(INSTRUCTIONS FOR THE TASK) Within the records that follow, restate exactly the lines from the line with "STIFFIE Techtron Rust/Black" down to the line with "ativar a funcionalidade.", including both. Omit the pictures.

Source data:
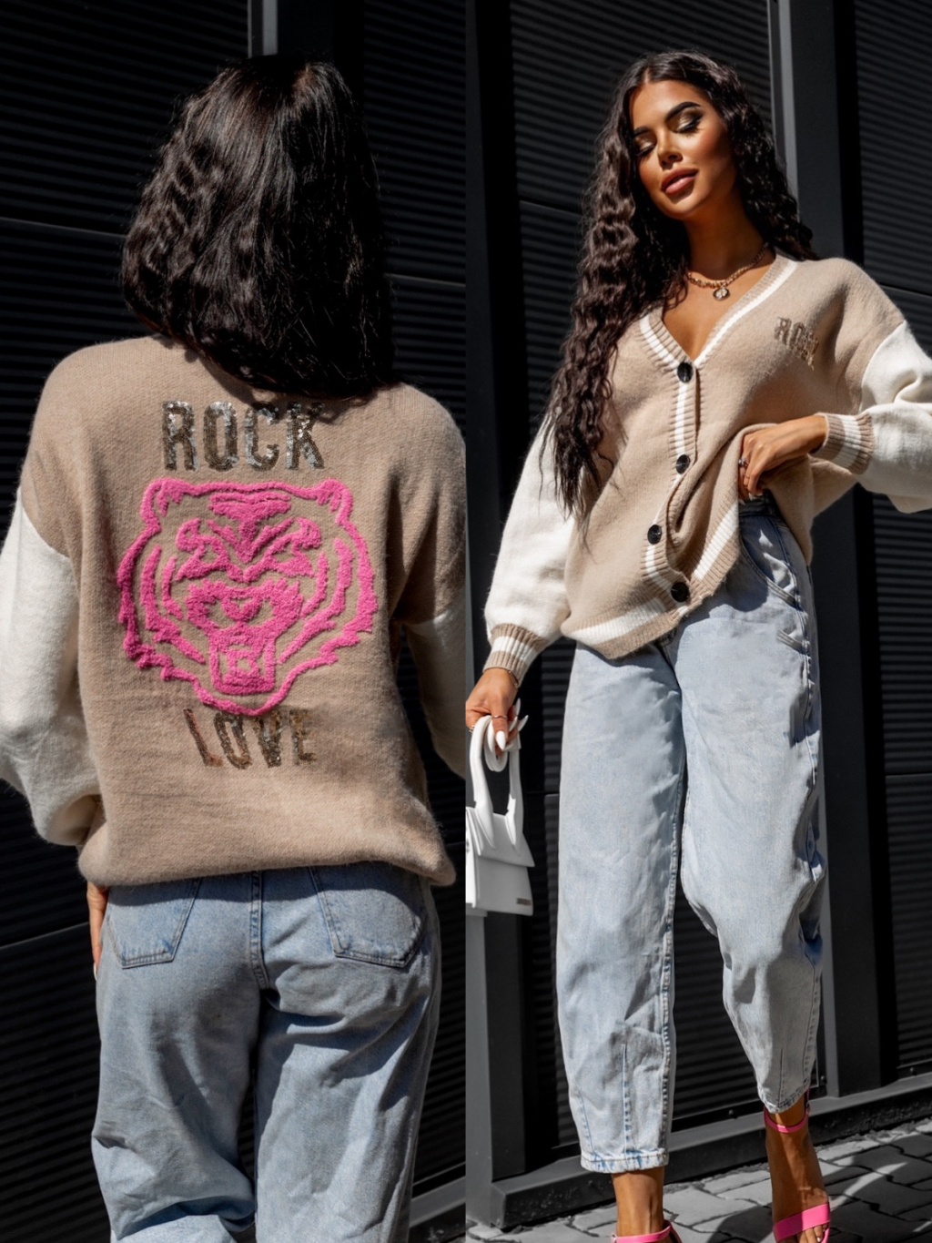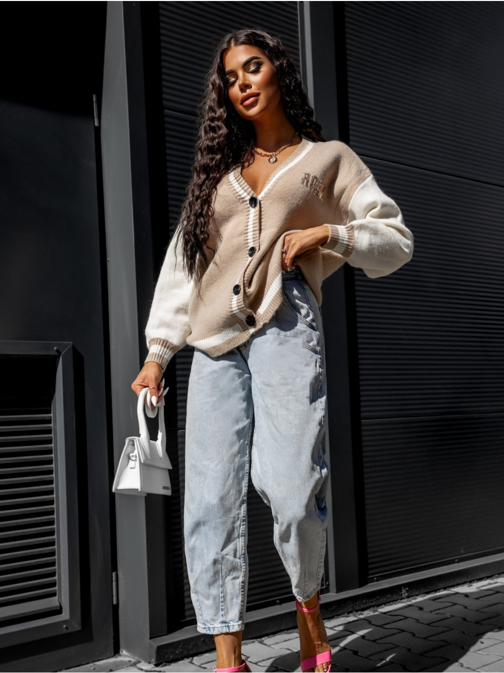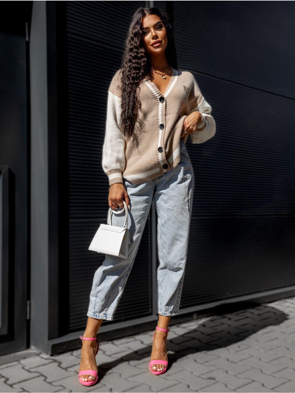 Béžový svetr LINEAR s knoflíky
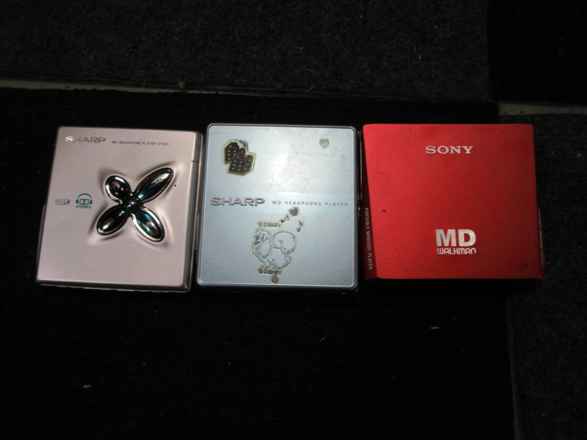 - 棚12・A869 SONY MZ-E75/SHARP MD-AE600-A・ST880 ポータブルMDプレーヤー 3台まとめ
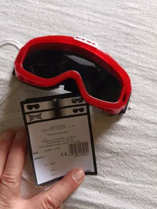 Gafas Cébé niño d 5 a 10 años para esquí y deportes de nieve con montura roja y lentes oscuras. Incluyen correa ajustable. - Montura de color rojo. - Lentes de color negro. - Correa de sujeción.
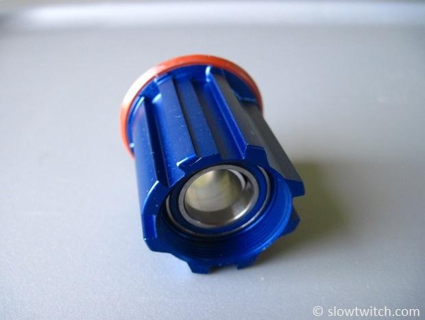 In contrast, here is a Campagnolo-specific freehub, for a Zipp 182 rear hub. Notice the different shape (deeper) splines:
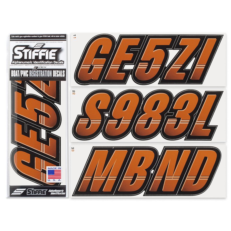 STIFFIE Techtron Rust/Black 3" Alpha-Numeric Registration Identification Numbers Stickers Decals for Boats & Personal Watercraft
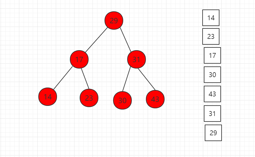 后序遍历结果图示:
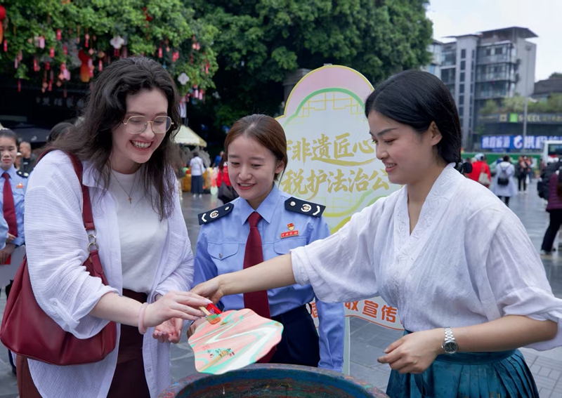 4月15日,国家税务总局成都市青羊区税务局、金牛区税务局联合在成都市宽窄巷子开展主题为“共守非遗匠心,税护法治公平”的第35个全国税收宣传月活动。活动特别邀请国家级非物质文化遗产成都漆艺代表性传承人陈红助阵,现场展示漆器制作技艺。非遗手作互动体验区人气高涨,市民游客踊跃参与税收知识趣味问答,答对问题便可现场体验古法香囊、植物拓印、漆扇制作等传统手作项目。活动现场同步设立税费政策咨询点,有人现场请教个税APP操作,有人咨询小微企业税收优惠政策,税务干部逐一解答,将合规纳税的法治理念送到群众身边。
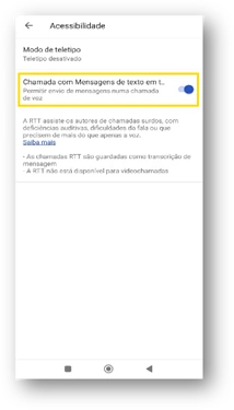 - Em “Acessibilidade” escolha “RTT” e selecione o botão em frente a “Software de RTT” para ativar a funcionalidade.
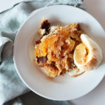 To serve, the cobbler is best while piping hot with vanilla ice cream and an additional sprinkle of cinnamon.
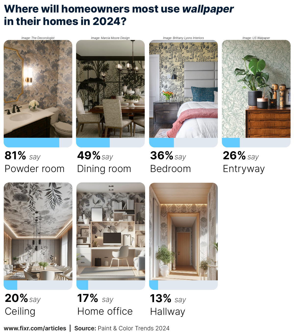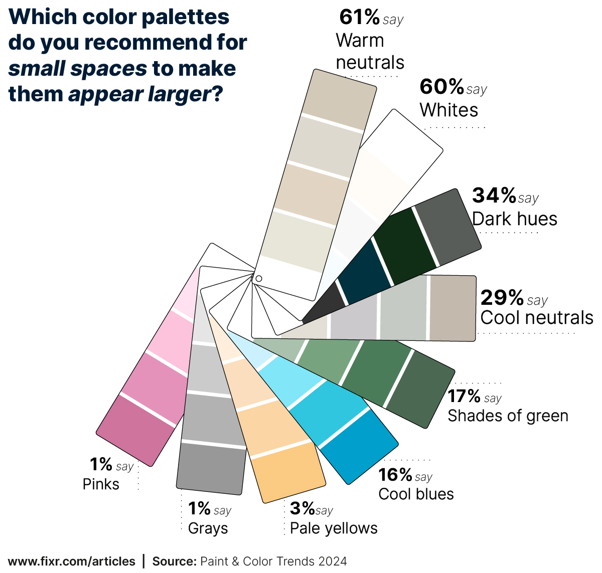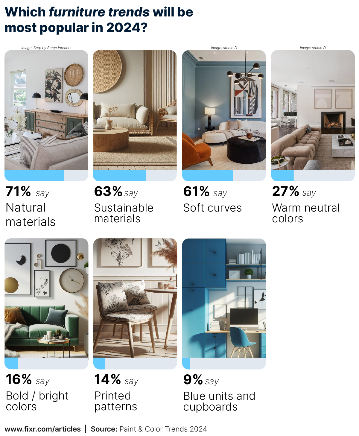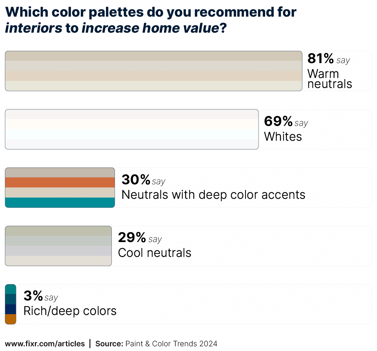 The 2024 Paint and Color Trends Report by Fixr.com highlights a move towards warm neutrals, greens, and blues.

(WRITTEN ANSWER)
 STIFFIE Techtron Rust/Black 3" Alpha-Numeric Registration Identification Numbers Stickers Decals for Boats & Personal Watercraft
 后序遍历结果图示:
 4月15日,国家税务总局成都市青羊区税务局、金牛区税务局联合在成都市宽窄巷子开展主题为“共守非遗匠心,税护法治公平”的第35个全国税收宣传月活动。活动特别邀请国家级非物质文化遗产成都漆艺代表性传承人陈红助阵,现场展示漆器制作技艺。非遗手作互动体验区人气高涨,市民游客踊跃参与税收知识趣味问答,答对问题便可现场体验古法香囊、植物拓印、漆扇制作等传统手作项目。活动现场同步设立税费政策咨询点,有人现场请教个税APP操作,有人咨询小微企业税收优惠政策,税务干部逐一解答,将合规纳税的法治理念送到群众身边。
 - Em “Acessibilidade” escolha “RTT” e selecione o botão em frente a “Software de RTT” para ativar a funcionalidade.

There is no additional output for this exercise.